**Exercise requirements**
Below are the records. Retype exactly the lines between the lines holding "47 - Plzeň, pohled" and "Enquanto isso, pique", inclusive.

**Input records**
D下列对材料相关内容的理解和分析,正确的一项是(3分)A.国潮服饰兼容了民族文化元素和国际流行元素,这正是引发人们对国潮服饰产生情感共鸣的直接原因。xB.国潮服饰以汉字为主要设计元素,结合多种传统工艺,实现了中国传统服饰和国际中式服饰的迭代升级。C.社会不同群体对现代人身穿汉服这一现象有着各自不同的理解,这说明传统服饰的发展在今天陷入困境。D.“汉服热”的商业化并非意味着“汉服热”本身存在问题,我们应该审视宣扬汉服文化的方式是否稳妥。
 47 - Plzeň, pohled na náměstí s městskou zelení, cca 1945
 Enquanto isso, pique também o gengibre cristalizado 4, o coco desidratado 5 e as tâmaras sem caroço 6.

---

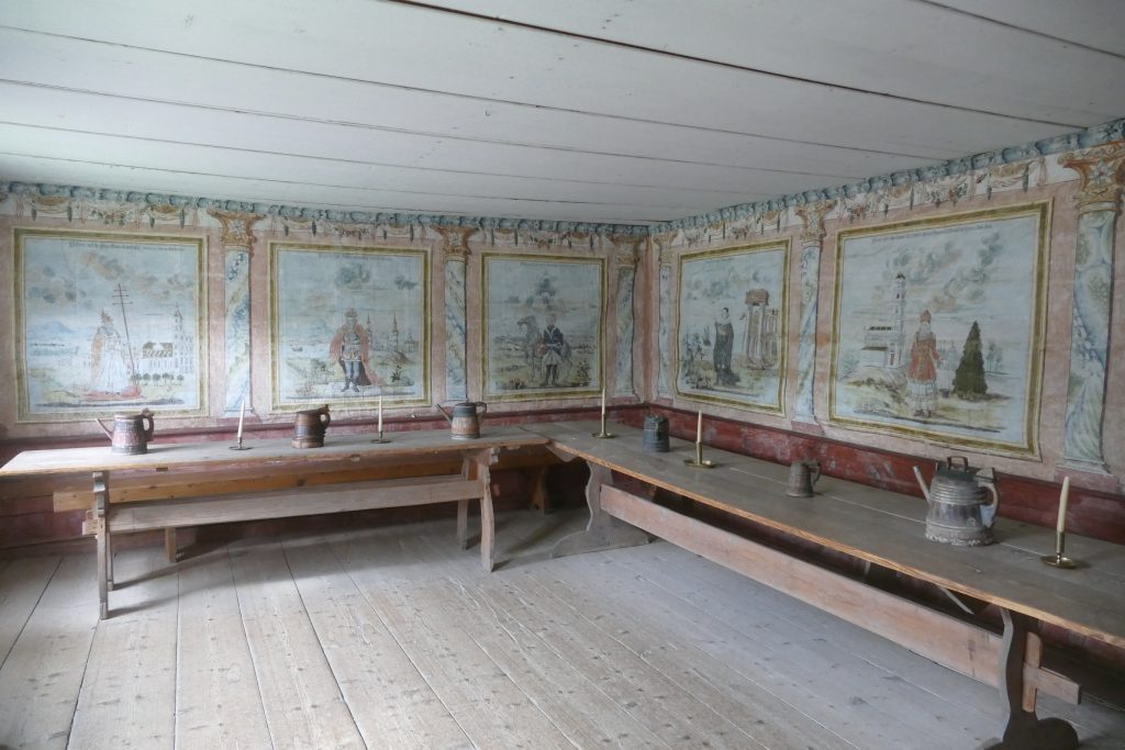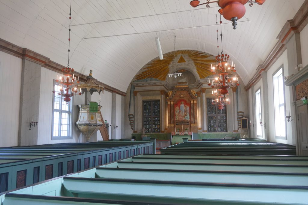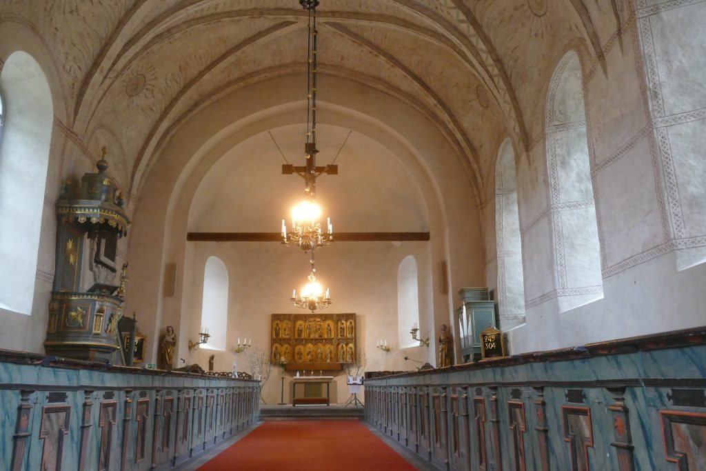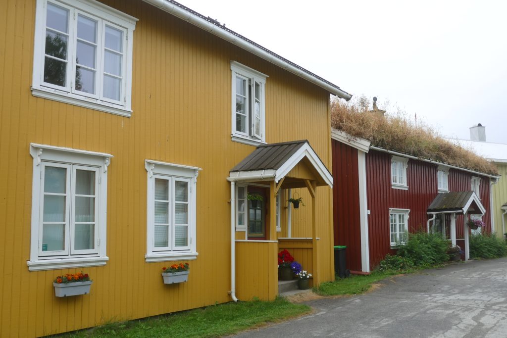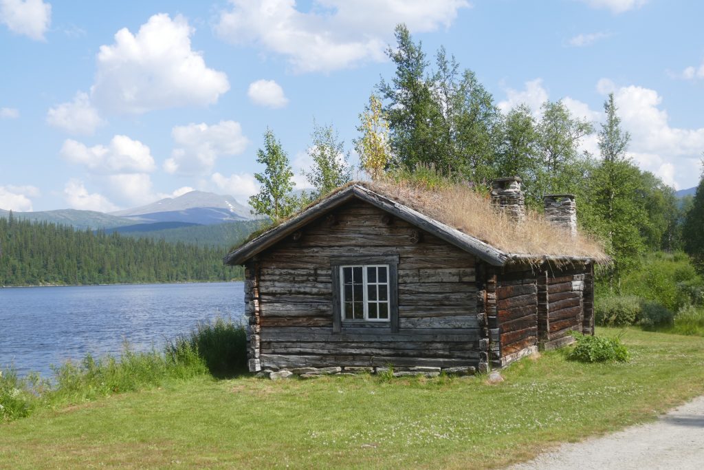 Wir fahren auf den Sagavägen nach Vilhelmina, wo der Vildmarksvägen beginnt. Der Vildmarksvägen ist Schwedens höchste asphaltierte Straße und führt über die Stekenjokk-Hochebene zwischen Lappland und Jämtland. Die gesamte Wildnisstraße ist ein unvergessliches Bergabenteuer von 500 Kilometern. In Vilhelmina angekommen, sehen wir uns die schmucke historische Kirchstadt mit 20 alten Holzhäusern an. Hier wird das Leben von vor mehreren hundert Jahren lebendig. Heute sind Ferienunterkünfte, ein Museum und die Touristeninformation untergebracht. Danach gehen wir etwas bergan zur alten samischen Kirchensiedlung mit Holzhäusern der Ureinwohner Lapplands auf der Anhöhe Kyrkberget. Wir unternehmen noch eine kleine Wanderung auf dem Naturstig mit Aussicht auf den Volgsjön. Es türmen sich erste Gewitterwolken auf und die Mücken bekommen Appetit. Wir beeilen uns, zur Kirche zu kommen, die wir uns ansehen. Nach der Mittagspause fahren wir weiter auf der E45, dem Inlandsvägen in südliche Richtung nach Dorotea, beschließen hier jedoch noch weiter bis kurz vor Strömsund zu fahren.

**Result for this exercise**
 47 - Plzeň, pohled na náměstí s městskou zelení, cca 1945
 Enquanto isso, pique também o gengibre cristalizado 4, o coco desidratado 5 e as tâmaras sem caroço 6.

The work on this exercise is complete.